Re-Structuring CLIP’s Language Capabilities

10 minute read

Published: May 07, 2025

Vision-language models (VLM) like CLIP have transformed how we approach image classification. The performance of these models is heavily influenced by subtle choices such as prompt templates and choice of class names used. Research has shown that prompt templates can sway classification accuracy by as much as 8%, while our experiment shows that the classification accuracy could drop to more than 25% if we replace the class name with their synonyms and 50% if we replace the class name with their hypernyms, both of which highlights CLIP’s sensitivity to linguistic variation.

Over the past decade, natural language processing (NLP) has evolved significantly.

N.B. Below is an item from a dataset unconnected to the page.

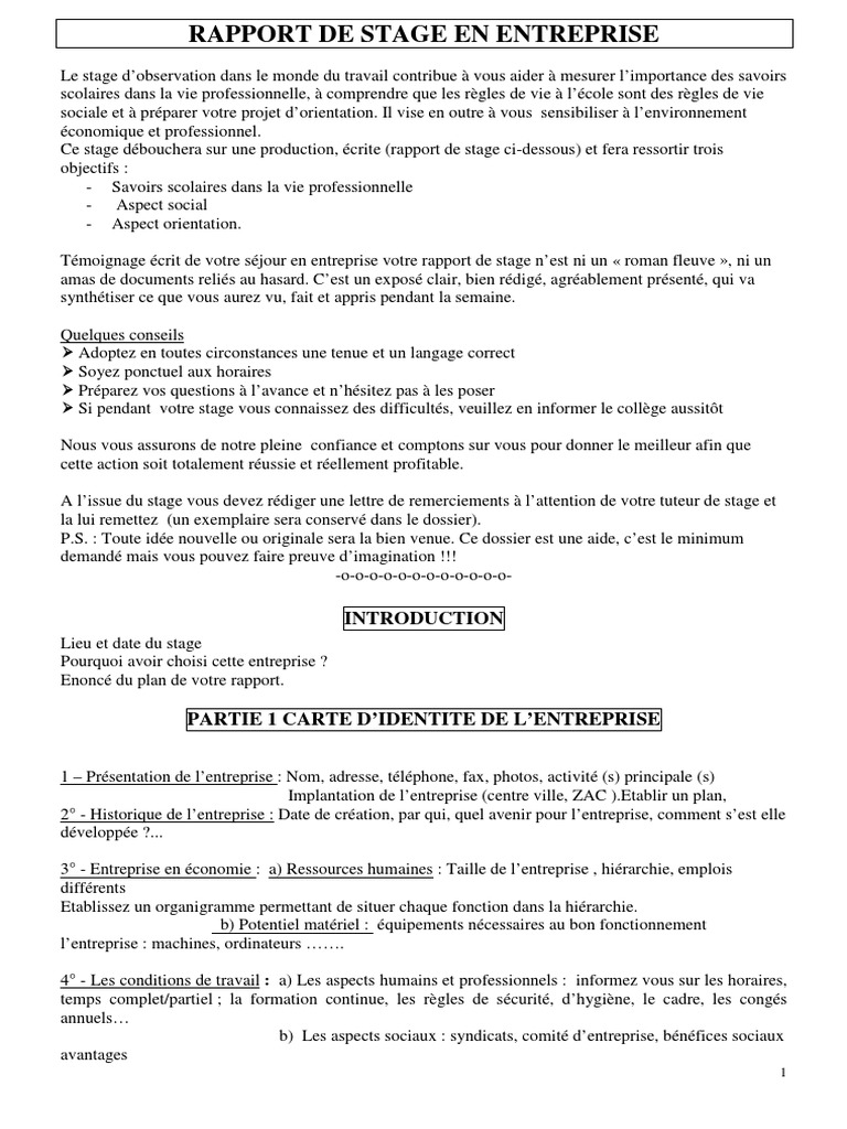 Introduction Du Rapport De Stage Exemple Et Conseils Pourquoi Avez Vous Choisi Cette Entreprise Rapport De Stage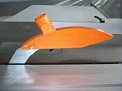 - Верхнее ограждение пильного диска имеет аспирационное отверстие для удаления отходов и крепится на расклинивающем ноже.

Beginning with word2vec in 2013. Word2vec’s word embeddings can capture nuanced lexical relationships through vector arithmetic. The famous equation “king – man + woman ≈ queen.” is a prime example of how word co-occurrences were used to embed semantic meaning. This approach emphasis on maintaining synonym and hypernym relationships stands in contrast to CLIP’s text encoder, which is primarily optimized for aligning images with text rather than preserving these detailed linguistic structures. As NLP developed, GloVe in 2014 improved word representations using global co-occurrence statistics. In 2018, BERT introduced a transformer-based approach, providing context-dependent word representations and setting new performance benchmarks. Following this, large language models (LLMs) like GPT-2 and GPT-3 emerged and further refined language understanding. While these models shifted focus toward richer contextual embeddings, the legacy of explicitly encoding relational properties gradually diminished, making modern VLMs like CLIP sensitive to linguistic variations.

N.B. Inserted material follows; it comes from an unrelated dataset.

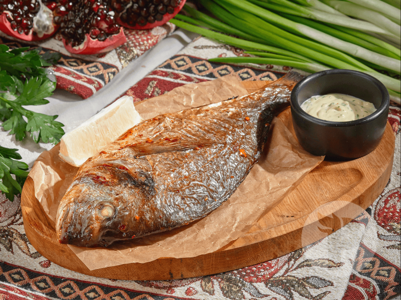В состав блюда входит: дорадо (250 гр), лимон (20 гр), чесночный соус (30 гр).

We will start our story with an observation as following:

Semantic Disconnection: Uncovering CLIP’s Latent Space Limitations

One major issue is that CLIP’s latent space struggles to capture semantic differences in their pretraining stage. Consider these observations:

Synonyms vs. Antonyms: The cosine similarity between synonyms can be even lower than that between obvious opposites. For example
- $\cos(\textit{happy}, \textit{sad}) = 0.8 \quad > \quad \cos(\textit{happy}, \textit{cheerful}) = 0.79$
- $\cos(\textit{smart}, \textit{dumb}) = 0.8 \quad > \quad \cos(\textit{smart}, \textit{intelligent}) = 0.75$ And, this is a common phenomenon for all words in the WordNet hierarchy!
Template Variability: When words are embedded in different prompt templates, experiments reveal that only about 30% of expected semantic relationships remain consistent.

These challenges underscore why traditional methods—such as manual prompt engineering or static fine-tuning—often fall short. They are typically time-consuming, narrowly focused, and lack the ability to generalize across varied datasets or scenarios.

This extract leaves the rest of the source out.